Classic Kale Feta Pasta Salad

Delicious Classic Kale Feta Pasta Salad recipe with step-by-step instructions.
Prep Time 35 minutes
Cook Time 1 hour 10 minutes
Total Time 1 hour 45 minutes
Servings: 4 servings
Calories: 950

Ingredients
  

For the salad::
  • 1.5 cups pasta (I always use Barilla rotini for the best texture)
  • 3 cups kale (stems removed and sliced into 1/2-inch ribbons)
  • 1/2 cup sun dried tomatoes (finely chopped into 1/4-inch pieces)
  • 1/3 cup parmesan
  • 1/3 cup feta
For the dressing::
  • 1/2 cup basil (packed tightly to ensure a vibrant green color)
  • 1/4 cup olive oil (I prefer California Olive Ranch for its smooth finish)
  • 2.5 tsp white wine vinegar
  • 3 garlic cloves
  • 1/2 tsp salt
  • black pepper
  • 1 tbsp fresh lemon juice
  • 1/4 tsp red pepper flakes

Method
 

  1. While you start boiling water for the pasta, remove the kale stems and slice the leaves into 1/2-inch ribbons.
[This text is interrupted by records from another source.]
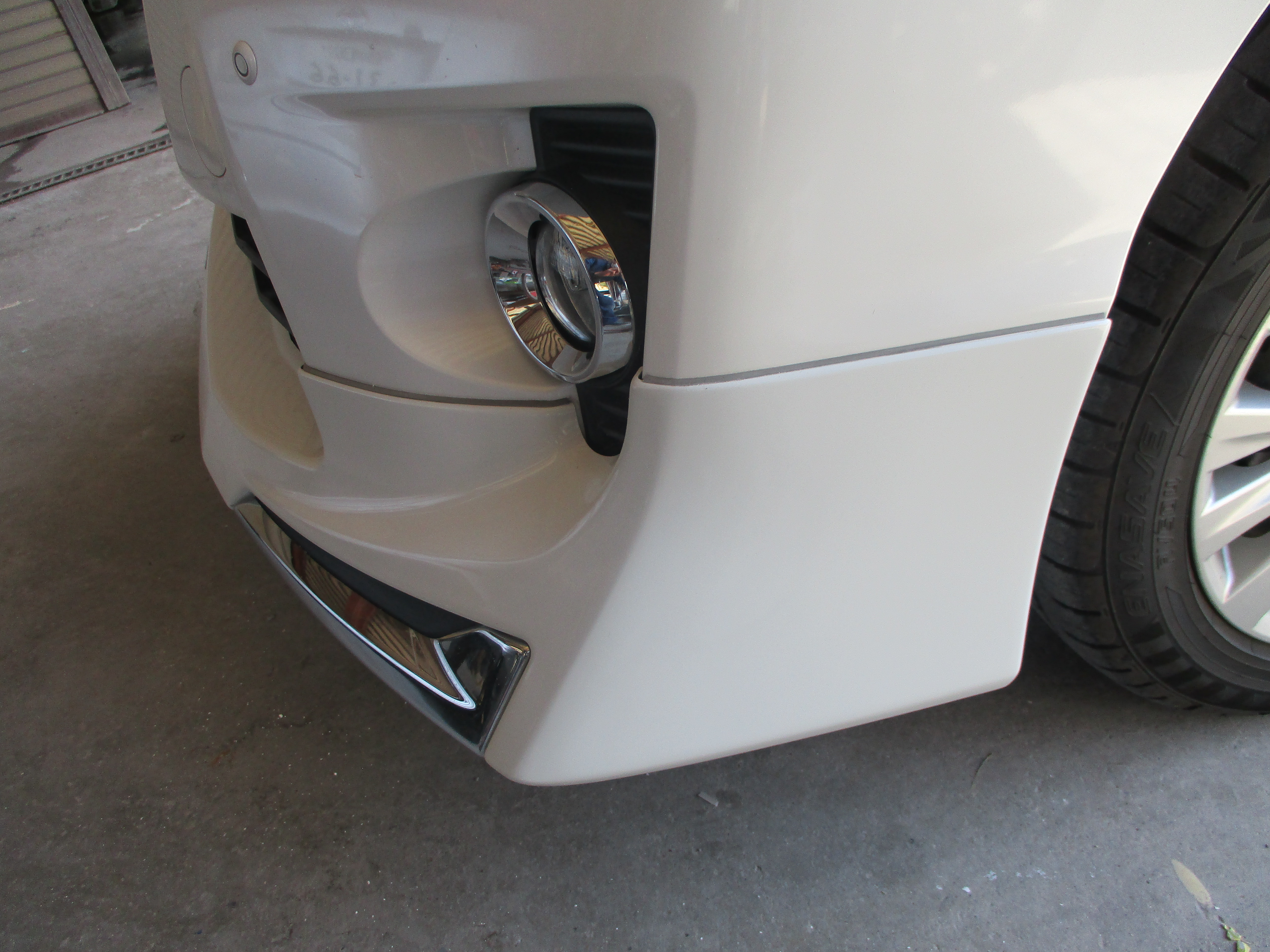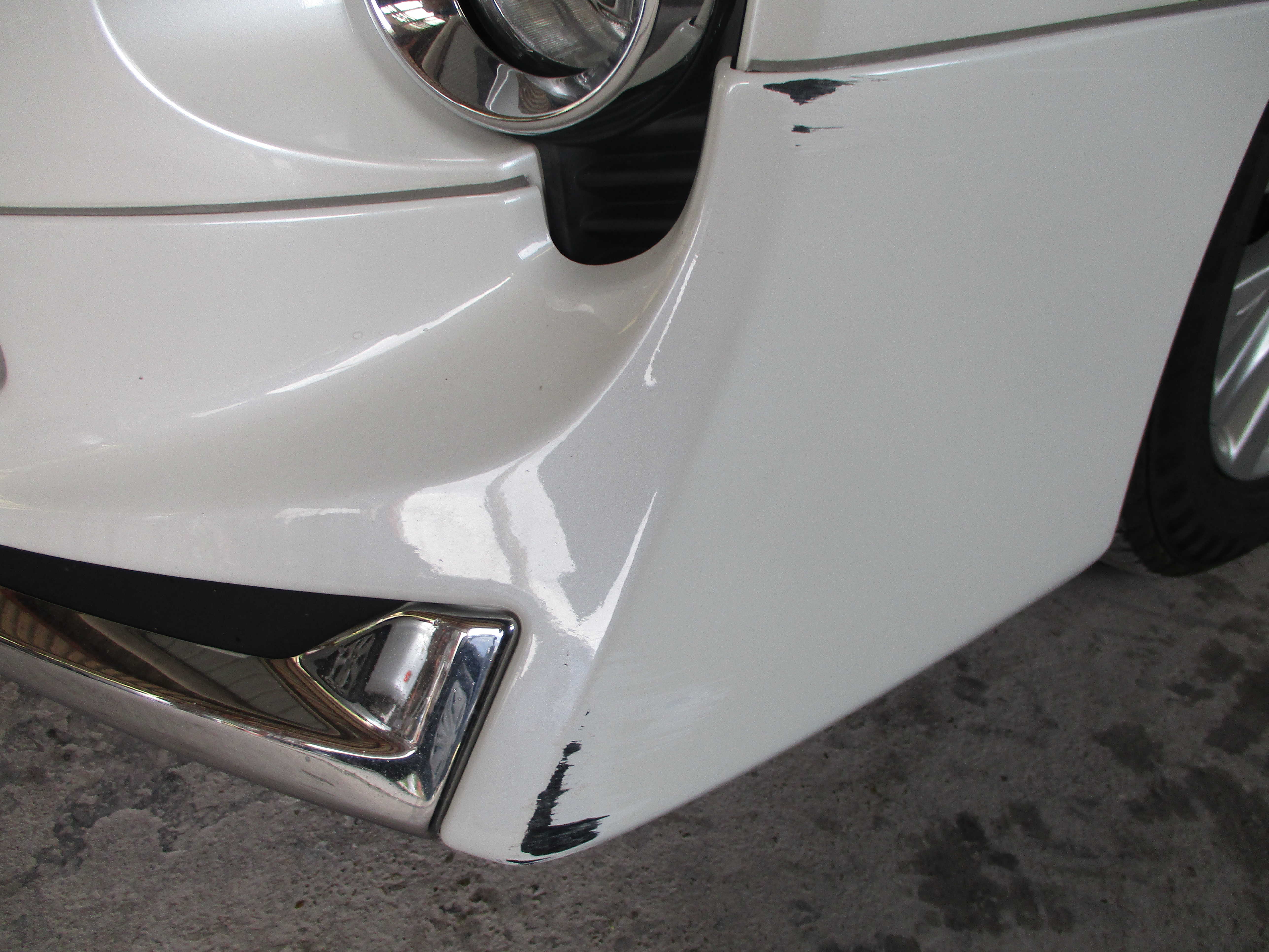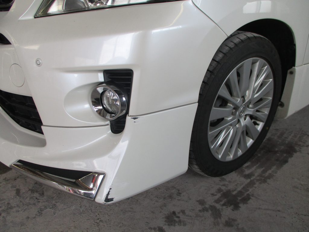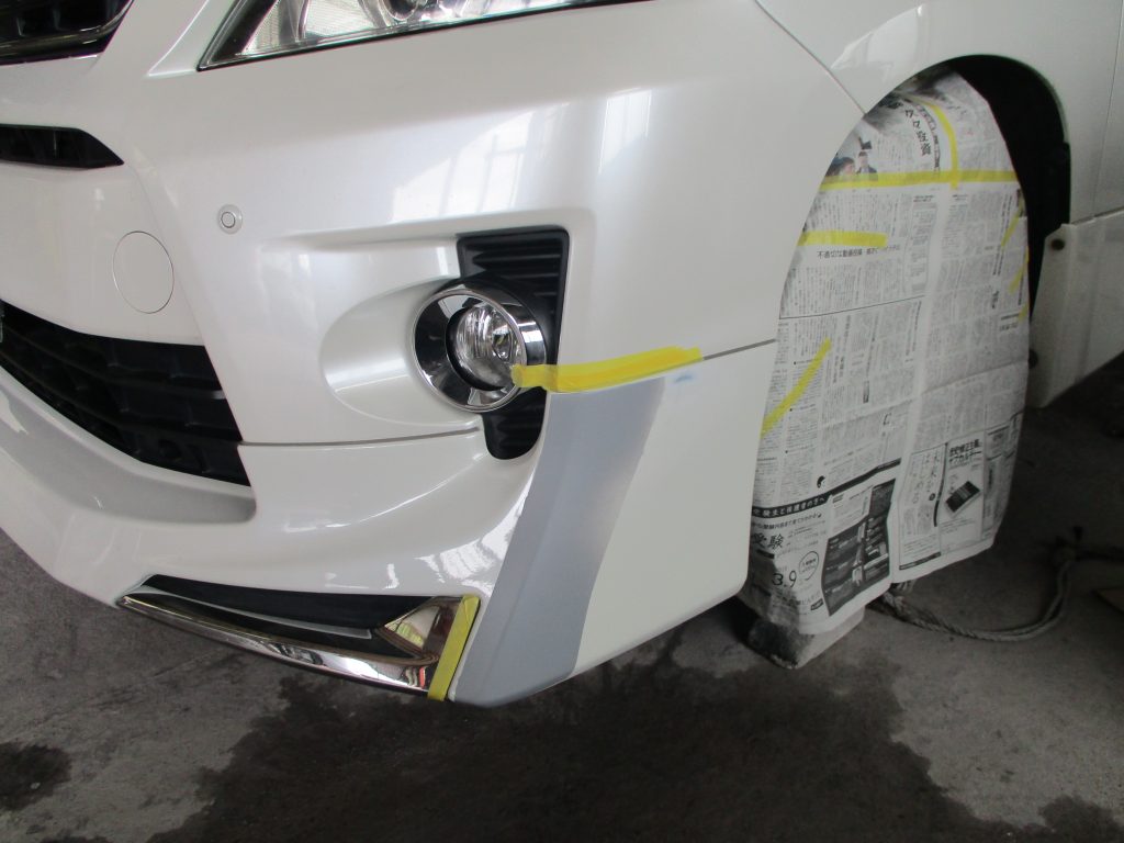 フロントスポイラーは外さないで、取り付けたままの状態でそのまま補修で塗装します。
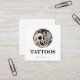 Cartão De Visita Quadrado Tatuagem Artista Mídia Social Crânio e Plantas Mod
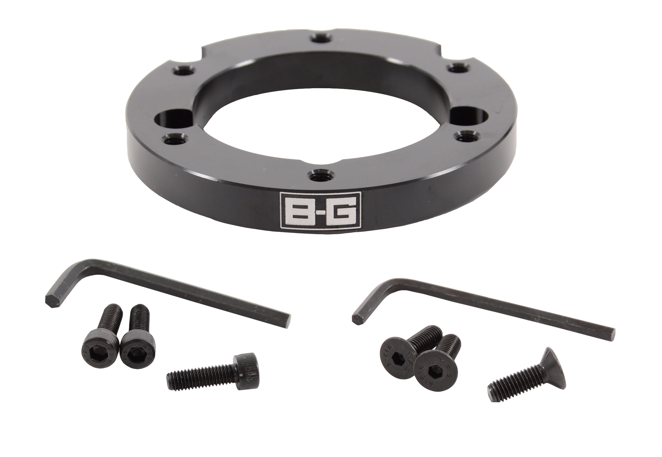 B-G Steering Wheel Spacers are produced from high quality aluminium with an elegant black anodised finish and laser etched B-G logo, and are simple to fit using the fixing screws provided.
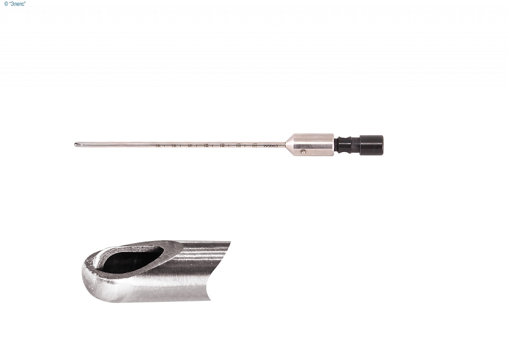 Этот инструмент изготовлен из высококачественной нержавеющей стали, что обеспечивает его долговечность и устойчивость к коррозии. Насадка имеет интегрированный канал для отсоса жидкости и надежное запорное устройство, что гарантирует безопасность и эффективность во время процедур.
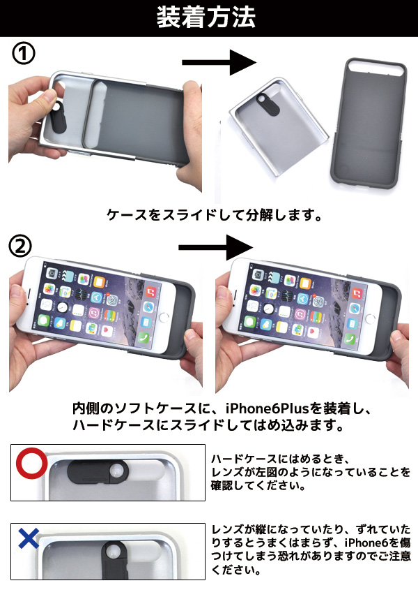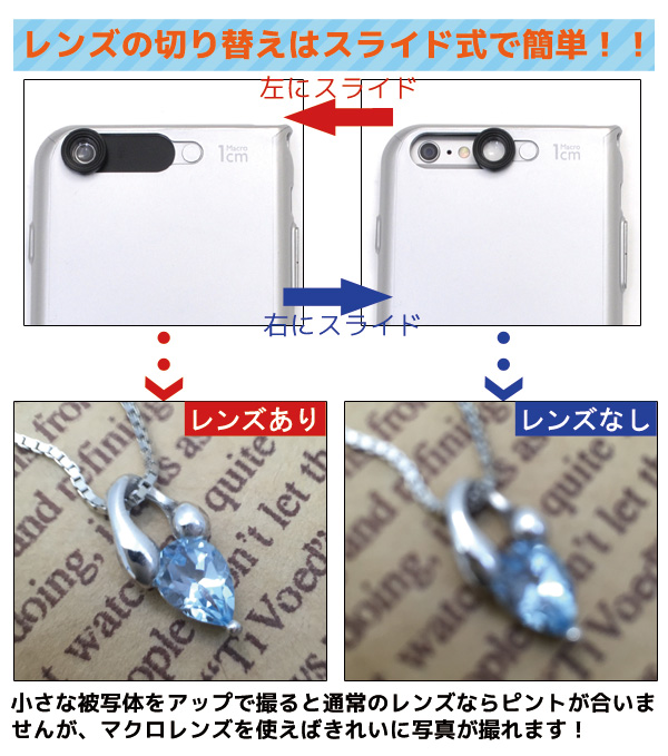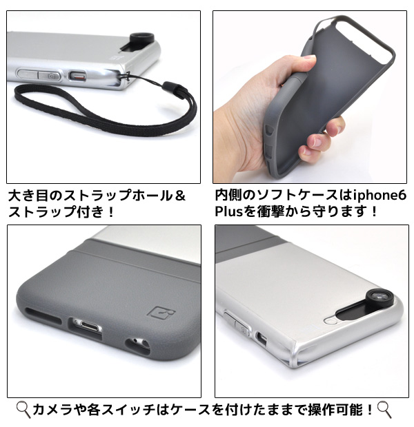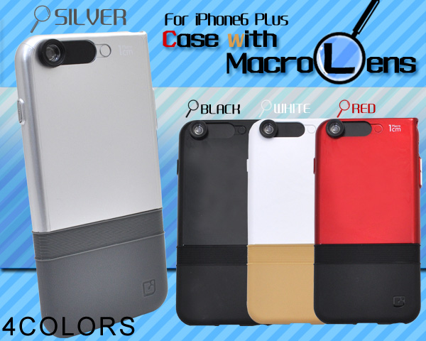 ■iPhone6Plusで一味違う写真が取れる!マクロレンズ付きケース 被写体に1cmまで寄れるマクロレンズ搭載! レンズをスライドするだけで簡単に切り替えが可能です! ■ハードケースとソフトケースの組み合わせで衝撃や 埃などからiPhone6Plusしっかり守ります! ■もちろん、装着したまま充電やヘッドフォンジャックなどの 接続、各種ボタンの操作も行えるようにデザインされています。 ストラップの通しやすい大き目のストラップホールに、落下防止に便利なストラップつきです! ■シルバー、ブラック、ホワイト、レッドの4色展開です。 ※iPhone 6 Plusは付属しません。 ※ライセンス商品ではありません。 |
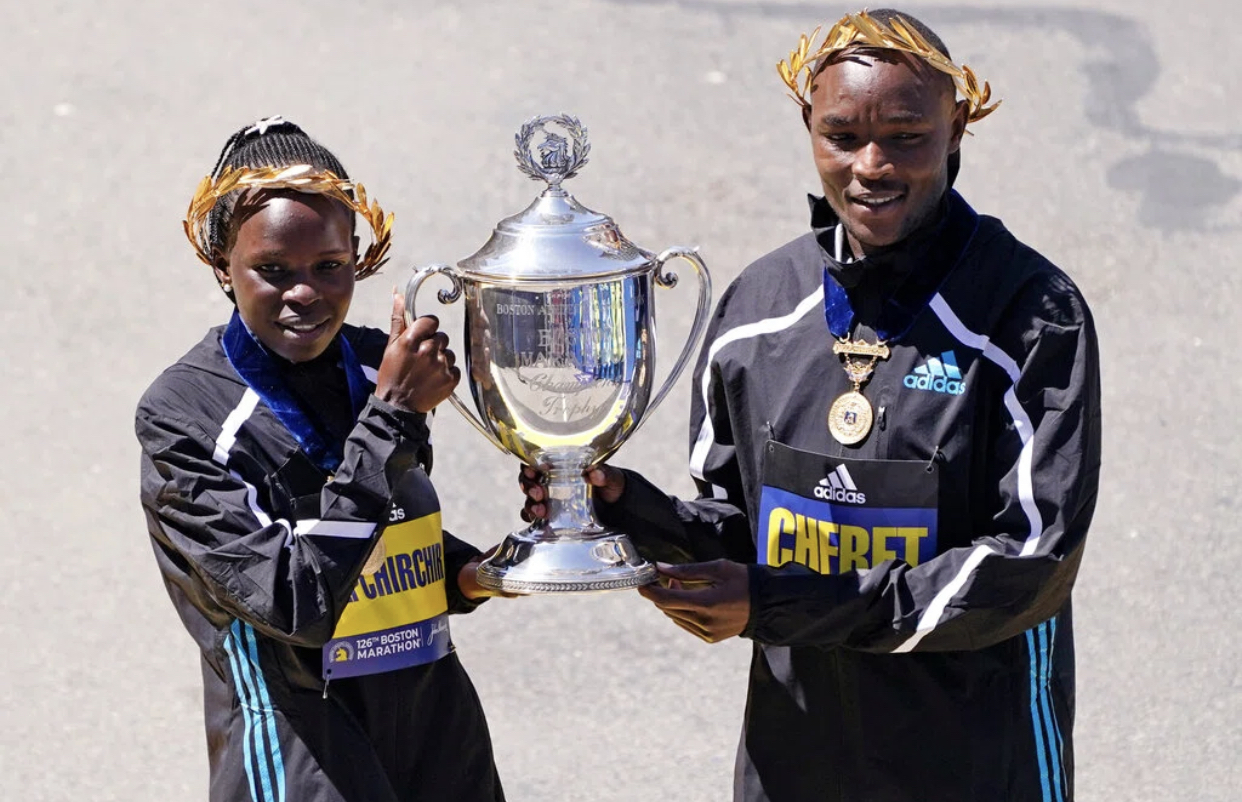 Cherono’s effort showed, as he had to be held on each side as he made the champion’s walk to the awards platform. Despite the pain, Cherono couldn’t help but smile and laugh as he clutched the winner’s trophy.
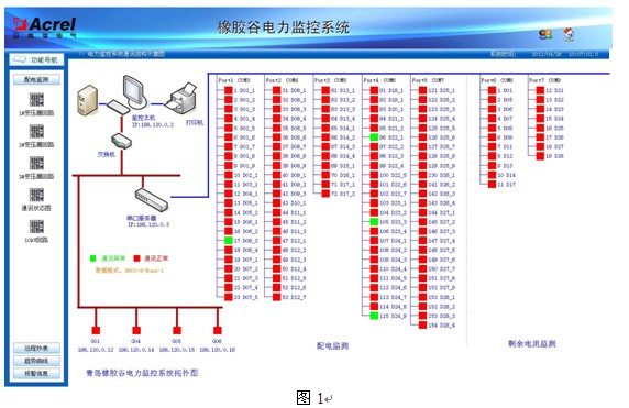 為wei滿man足zu配pei電dian室shi統tong一yi監jian控kong的de要yao求qiu,配pei電dian室shi現xian場chang安an裝zhuang安an科ke瑞rui公gong司si網wang絡luo電dian力li儀yi表biao通tong過guo屏ping蔽bi雙shuang絞jiao線xian手shou拉la手shou相xiang連lian至zhi串chuan口kou服fu務wu器qi,串chuan口kou服fu務wu器qi經jing網wang絡luo交jiao換huan機ji進jin而er傳chuan輸shu至zhi後hou台tai主zhu機ji實shi現xian對dui現xian場chang數shu據ju的de采cai集ji,存cun儲chu,處chu理li,實shi時shi顯xian示shi以yi及ji曆li史shi查zha詢xun
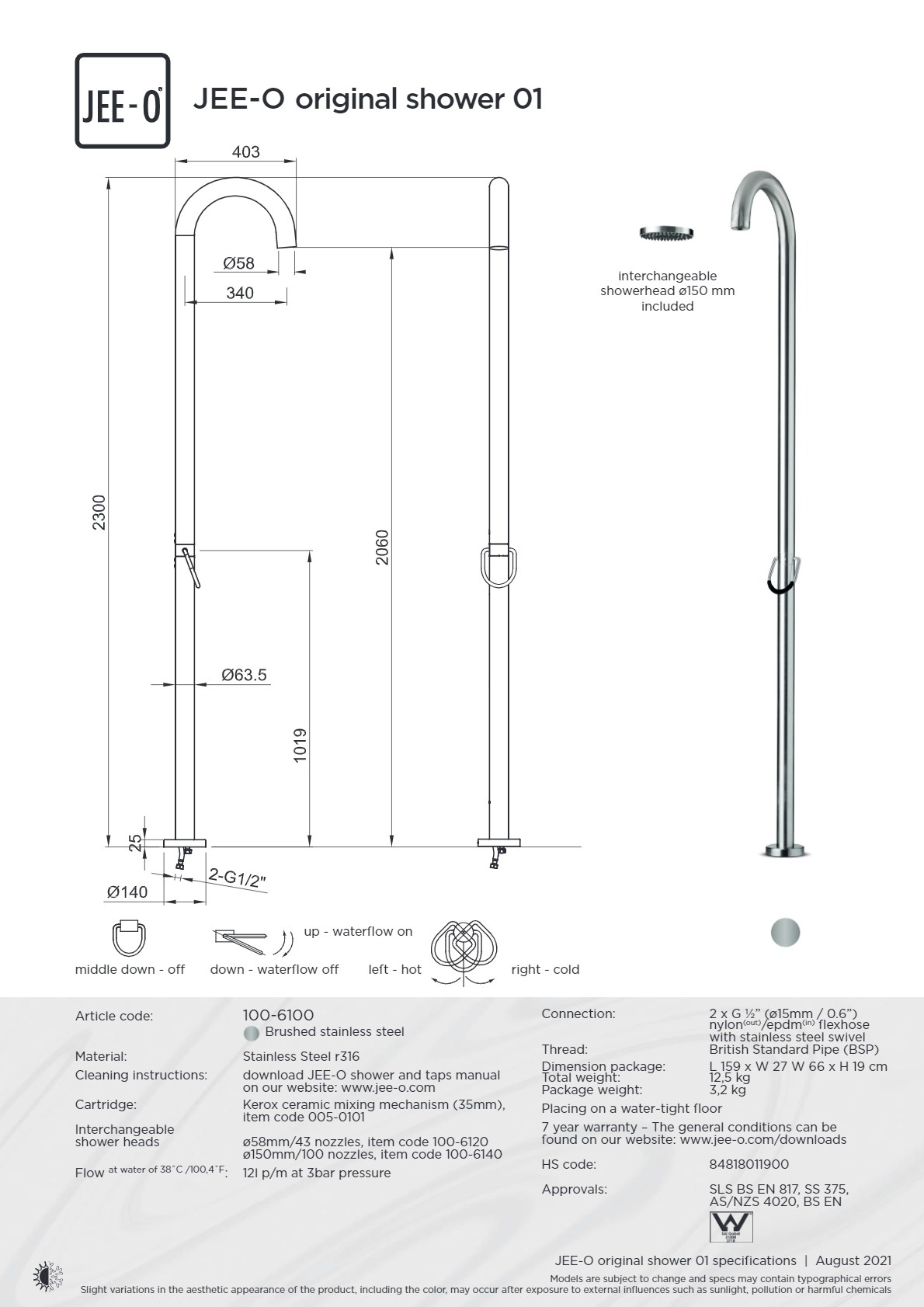 De JEE-O Original 01 Vrijstaande douche is gemaakt van hoogwaardige materialen en is ontworpen om lang mee te gaan. Het geborstelde roestvrij staal is duurzaam en gemakkelijk te reinigen, en de éénngreepsmengkraan is voorzien van hoogwaardige componenten die zorgen voor een soepele en nauwkeurige bediening.
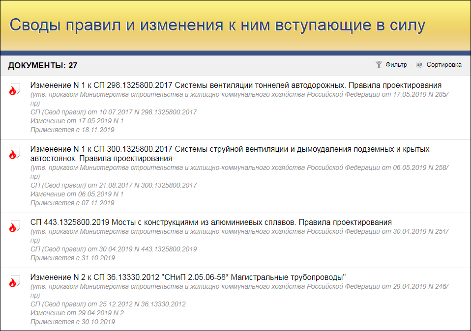 3. Сервис «Своды правил и изменения к ним»

Finely chop the sun-dried tomatoes into 1/4-inch pieces, mince the garlic cloves, and pack the basil tightly to measure accurately. Once prepped, place the sliced kale in a large bowl and drizzle with 1 tablespoon of the olive oil. Massage the kale vigorously with your hands for 1-2 minutes until it becomes tender and darkens slightly—this breaks down the fibers and makes it much more pleasant to eat in a cold salad.
  2. Boil salted water in a pot and cook the pasta according to package directions until al dente. Drain well in a colander and set aside to cool slightly. I find that letting the pasta cool for a few minutes before mixing prevents the cheeses from getting too oily and clumpy.
  3. While the pasta cooks, combine the garlic, basil, white wine vinegar, lemon juice, remaining 3 tablespoons of olive oil, salt, pepper, and red pepper flakes in a food processor. Pulse until the basil and garlic are finely incorporated and you have a vibrant green dressing with a pourable consistency. Taste and adjust seasoning as needed—the dressing should be balanced between bright acidity and herbaceous flavor.
  4. In the same large bowl with the massaged kale, add the cooled pasta, sun-dried tomatoes, parmesan, and feta. Pour the dressing from Step 3 over everything and toss thoroughly until all components are evenly coated and distributed. Make sure to scrape the bottom of the bowl to incorporate any dressing that settles.
  5. Cover the bowl and refrigerate for at least 1 hour before serving. This allows the flavors to meld together and the kale to become even more tender. The pasta salad actually tastes better the next day, so don't hesitate to make it ahead for gatherings.